Foto: Sony Pictures/Divulgação

O mais novo remake da franquia nipônica Ju-On (2002), O Grito (The Grudge, EUA/Canadá, 2020 – Sony Pictures), não só falha na tentativa de inovar a velha história da casa mal-assombrada e do fantasma vingativo, como apenas evidencia que a ultrapassada maldição do grito está fadada ao fracasso. O enredo da nova produção, dirigida por Nicolas Pesce, já é a segunda versão americana da obra original de Takashi Shimizu. Como os iniciados na franquia bem sabem, o grito é uma maldição que surge quando alguém é assassinado em um momento de ódio extremo. A entidade passa a atormentar a vida de qualquer um que colocar os pés no local do crime. Ao que tudo indica, isso nunca tem fim, assim como os filmes que habita. Baseado no script de Shimizu, o roteiro do novo longa ainda é sobre uma casa japonesa amaldiçoada – o que muda são as vítimas e o lugar. Desta vez, a trama é levada para uma pequena cidade da Pensilvânia, nos Estados Unidos.

Este filme acompanha a vida da policial Muldoon (Andrea Riseborough), viúva e mãe solteira, que está determinada a solucionar o caso de um cadáver encontrado na floresta. A investigação é a linha norteadora da película. Assim como o remake de 2004, o novo filme dispõe de histórias cruzadas por meio de múltiplas linhas de tempo para apresentar os destinos de vários personagens, entre eles, um casal de corretores de imóveis (John Cho e Betty Gilpin) que enfrentam uma difícil escolha na gravidez, um casal de idosos (Lin Shaye e Frankie Faison) que procuram a ajuda de uma assistente de suicídio assistido (Jacki Weaver), o detetive Goodman (Demian Bichir) e seu antigo parceiro Wilson (William Sadler).

Apostando nos clichês de todo filme de terror, Pesce parece não conseguir fazer o longa se destacar em quase nenhum quesito. Além dos excessivos e costumeiros jumpscares, que acabam sendo fracos e previsíveis, a película se baseia no pretexto mais básico e óbvio de qualquer franquia de horror (como os famosos “você nunca irá escapar” e “a maldição nunca te deixará em paz”). É decepcionante o fato não ser construída uma atmosfera de tensão, ficando tudo preso na segurança de entidades que aparecem desfocadas atrás das pessoas e que desaparecem e reaparecem à medida que um personagem apaga e acende as luzes.

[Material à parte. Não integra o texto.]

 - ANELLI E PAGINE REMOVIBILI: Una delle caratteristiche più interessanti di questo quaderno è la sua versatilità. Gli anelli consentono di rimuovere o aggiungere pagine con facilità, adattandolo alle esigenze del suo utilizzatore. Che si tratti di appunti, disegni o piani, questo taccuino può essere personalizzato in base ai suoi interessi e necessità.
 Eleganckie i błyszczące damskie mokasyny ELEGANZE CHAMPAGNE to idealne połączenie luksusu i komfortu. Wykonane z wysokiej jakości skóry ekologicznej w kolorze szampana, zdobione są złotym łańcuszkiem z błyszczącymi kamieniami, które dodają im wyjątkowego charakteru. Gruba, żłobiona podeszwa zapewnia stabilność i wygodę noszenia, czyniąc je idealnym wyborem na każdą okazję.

Estes clichês se tornaram clichês por um simples motivo: eles funcionam. Entretanto, no caso da franquia de O Grito, eles já foram exaustivamente usados. Talvez fosse a hora de tentar algo novo.

Mesmo que por vezes se apoie no óbvio, este novo longa tem suas passagens favoráveis. Para aqueles que são familiarizados com a franquia de remakes do J-Horror, nesta nova versão ainda existem os famigerados sustos no chuveiro, na pia e na banheira, trazendo um sentimento de nostalgia ao espectador, ao recordar cenas do auge do filme original. As histórias são todas permeadas pela dor e pela perda, numa válida tentativa do diretor de fazer com que a audiência se sinta próxima e acredite em uma realidade muito plausível, mostrando como as pessoas são frágeis e vulneráveis, e que a maldição não perdoa ninguém. Mesmo que o desenvolvimento dos personagens deixe a desejar e acabe sendo um tanto superficial, Pesce investe no sofrimento de cada um. Não apenas o causado pela maldição, mas também aquele que qualquer pessoa poderia ter – o que muitas vezes não é abordado em outras produções do gênero.

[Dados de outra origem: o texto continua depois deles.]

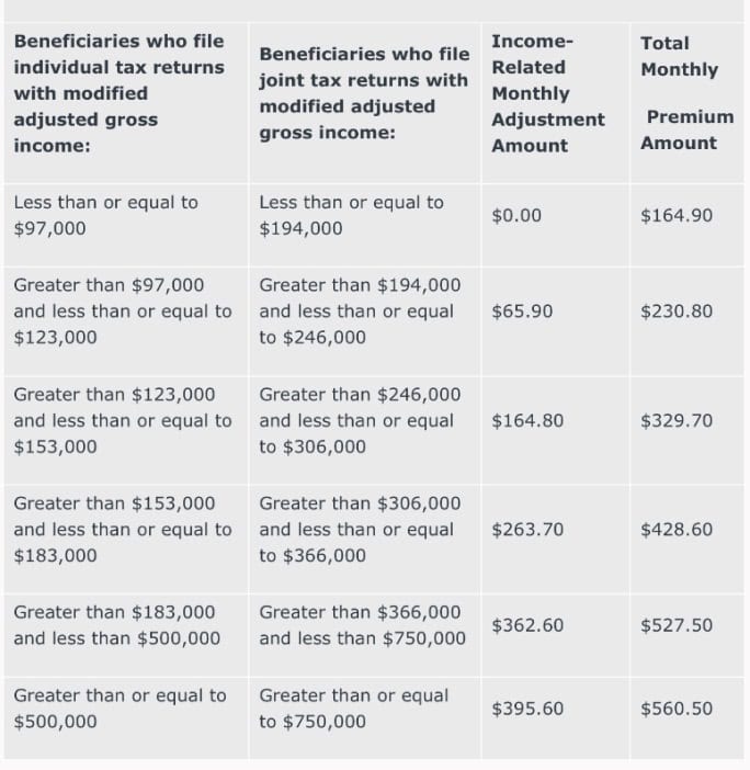 Since 2007, a beneficiary’s Part B monthly premium is based on his or her income. These income-related monthly adjustment amounts affect roughly 7% of people with Medicare Part B. The 2023 Part B total premiums for high-income beneficiaries with full Part B coverage are shown in the following table:

Para além da falta de criatividade e originalidade de sustos, o filme não se diferencia daqueles que vieram antes, muito menos justifica sua própria criação. Para os amantes do terror, infelizmente essa é só mais uma maçante e saturada história sobre a já esgotada casa mal-assombrada e que desperdiça um elenco talentoso e não traz nada de novo ou assustador para a realidade atual. O Grito, mesmo que tenha seus momentos arrepiantes, prova ser apenas mais um remake de uma história batida, que continua amaldiçoado por um conceito fatalmente clichê.